# [EXERCISE]
Set down, exactly and only, everything from the line containing "perfect for entertaining." down to the line containing "LOT 215 2 Cranberry" in the data below; the pictures are not part of the copy.

# [DATA PROVIDED]
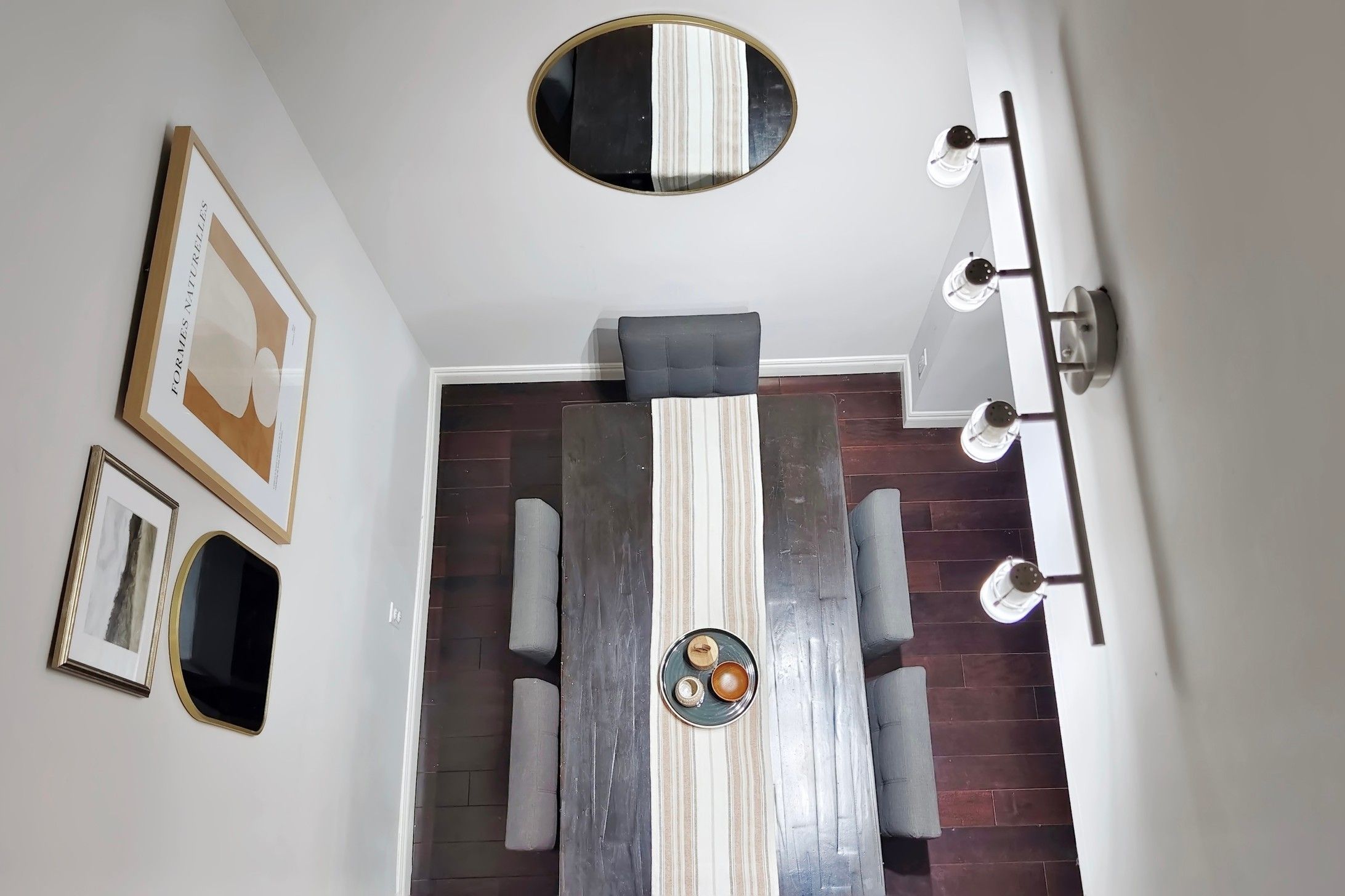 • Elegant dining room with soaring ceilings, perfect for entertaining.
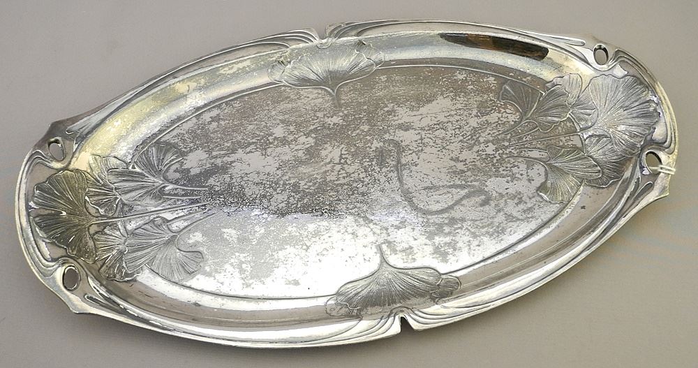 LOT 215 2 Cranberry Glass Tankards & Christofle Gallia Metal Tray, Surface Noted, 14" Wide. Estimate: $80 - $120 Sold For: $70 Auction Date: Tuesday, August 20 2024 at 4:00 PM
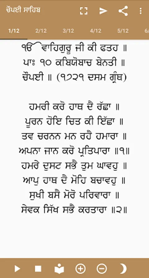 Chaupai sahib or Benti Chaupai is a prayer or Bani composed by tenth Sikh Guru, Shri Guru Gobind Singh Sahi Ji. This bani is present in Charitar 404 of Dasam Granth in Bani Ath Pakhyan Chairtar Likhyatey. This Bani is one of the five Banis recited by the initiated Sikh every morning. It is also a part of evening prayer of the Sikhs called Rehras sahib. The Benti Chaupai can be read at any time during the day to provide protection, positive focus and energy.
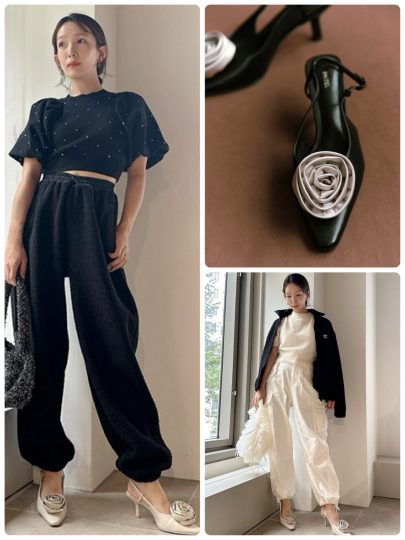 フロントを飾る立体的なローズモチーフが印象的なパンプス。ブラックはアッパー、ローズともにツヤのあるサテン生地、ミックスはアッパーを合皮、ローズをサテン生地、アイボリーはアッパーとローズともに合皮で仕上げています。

...

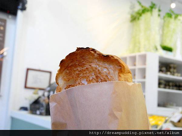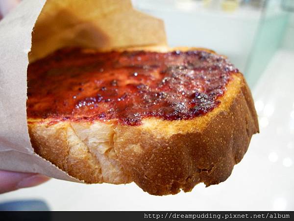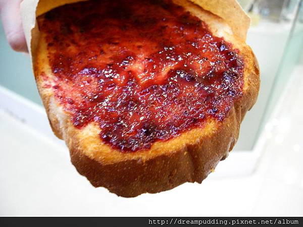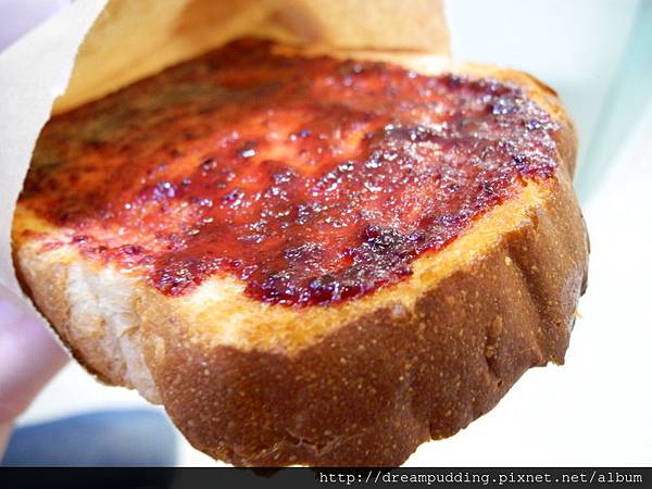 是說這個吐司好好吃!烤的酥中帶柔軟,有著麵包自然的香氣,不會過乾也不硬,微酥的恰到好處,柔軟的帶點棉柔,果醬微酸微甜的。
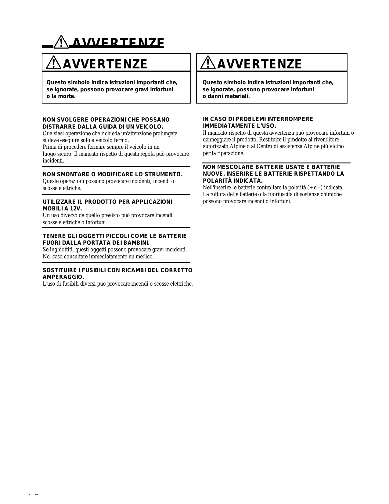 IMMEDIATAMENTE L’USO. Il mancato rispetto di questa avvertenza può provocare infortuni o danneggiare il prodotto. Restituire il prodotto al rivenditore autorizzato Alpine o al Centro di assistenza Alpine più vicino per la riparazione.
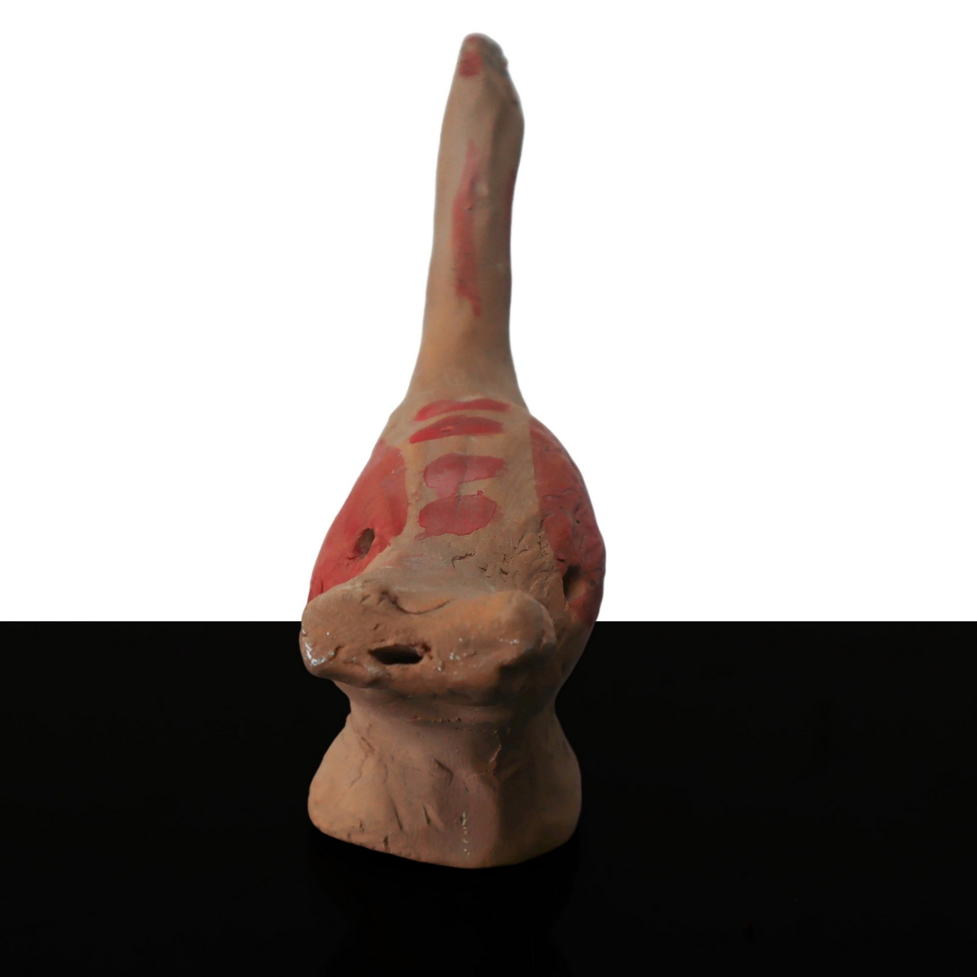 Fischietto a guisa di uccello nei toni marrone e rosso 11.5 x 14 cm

# [EXERCISE RESULT]
 • Elegant dining room with soaring ceilings, perfect for entertaining.
 LOT 215 2 Cranberry Glass Tankards & Christofle Gallia Metal Tray, Surface Noted, 14" Wide. Estimate: $80 - $120 Sold For: $70 Auction Date: Tuesday, August 20 2024 at 4:00 PM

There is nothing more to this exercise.